The first Q&A, published in July, sets out suggestions for implementing various aspects of MAR. Amongst other points, the first Q&A address the following issues:
- Participation in rights issues etc.: whilst noting the uncertainty of the drafting, the Q&A sets out the JWP’s view that participation in bonus and rights issues is permissible during MAR close periods (being trading relating to “a qualification or entitlement to shares” for the purposes of Article 19(12) of MAR) provided that the transaction cannot be conducted at another time and the issuer gives clearance to deal.
- Participation in share schemes: the Q&A sets out detailed guidance on dealing under share schemes during MAR close periods. Very broadly speaking, where no decision to trade is made during a close period (e.g. acquisition of shares under a pre-planned SAYE scheme) dealing under share schemes during close periods is permitted.
- Advisers’ insider lists maintained on behalf of the issuer: staff of advisers to issuers need only be on the insider list
if they meet two tests:
- they are performing tasks through which they have access to
inside information on the issuer; and
- they are acting on behalf of or for the account of the issuer.
- they are performing tasks through which they have access to
The guidance goes on to state that “It is the deal teams and client-facing staff who generally should be included on the list, if they have access to inside information. Secretarial staff and other support staff who have access should also be included (although individuals with the ability to access IT systems but whose duties do not require them to access inside information do not need to be included unless they actually have accessed it). Senior management who receive management information or sit on review committees even if they are not involved in the transaction must be included.”
The second Q&A, published in August, looks at the interaction between MAR and common takeover-related arrangements, including the giving of irrevocable undertakings by directors.
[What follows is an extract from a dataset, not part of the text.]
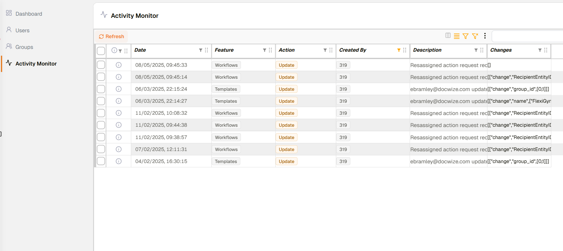 | Feature | Indicates the feature in Docwize the activity impacted. |

Of principal interest are Q&As on:
- Application of the market soundings/wall-crossing regime to seeking irrevocable undertakings: the Q&A confirms that seeking irrevocables from target shareholders (other than the target’s directors) will be subject to the MAR wall-crossing regime. Target directors are excluded because they will have already been involved in negotiating the form of the irrevocable (those negotiations being communications between the bidder and target and therefore outside the scope of the market soundings regime), and providing them with the final form of the irrevocable for execution is “merely ancillary” to prior communications.
- PDMRs satisfying irrevocables during a close period: discharging obligations under an irrevocable during a close period (i.e. accepting an offer) is permitted, provided the irrevocable undertaking itself has been given outside a close period. Helpfully, the JWP goes on to say that, “where a bid is announced at the same time as interims/prelims are released, irrevocables that have been signed and held in escrow for release at the time of the bid being announced will not be treated as being dealings during the immediately preceding closed period as they only become effective upon release from escrow (at which point the closed period has ended).“
- PDMRs accepting a contractual takeover offer (or undertaking to do so) during a close period: This is not generally permitted.
- PDMRs voting on a takeover by way of scheme (or undertaking to do so) during a close period: Voting in favour of a scheme or giving an irrevocable undertaking to do so during a close period is a voting, rather than a transactional, arrangement and so is permitted. However, where an irrevocable undertaking on a scheme includes an obligation to accept a contractual offer if the transaction structure is switched by the bidder, entering into the irrevocable undertaking should be treated in the same way as entering into an irrevocable undertaking in respect of a contractual offer, and so is generally prohibited during a close period.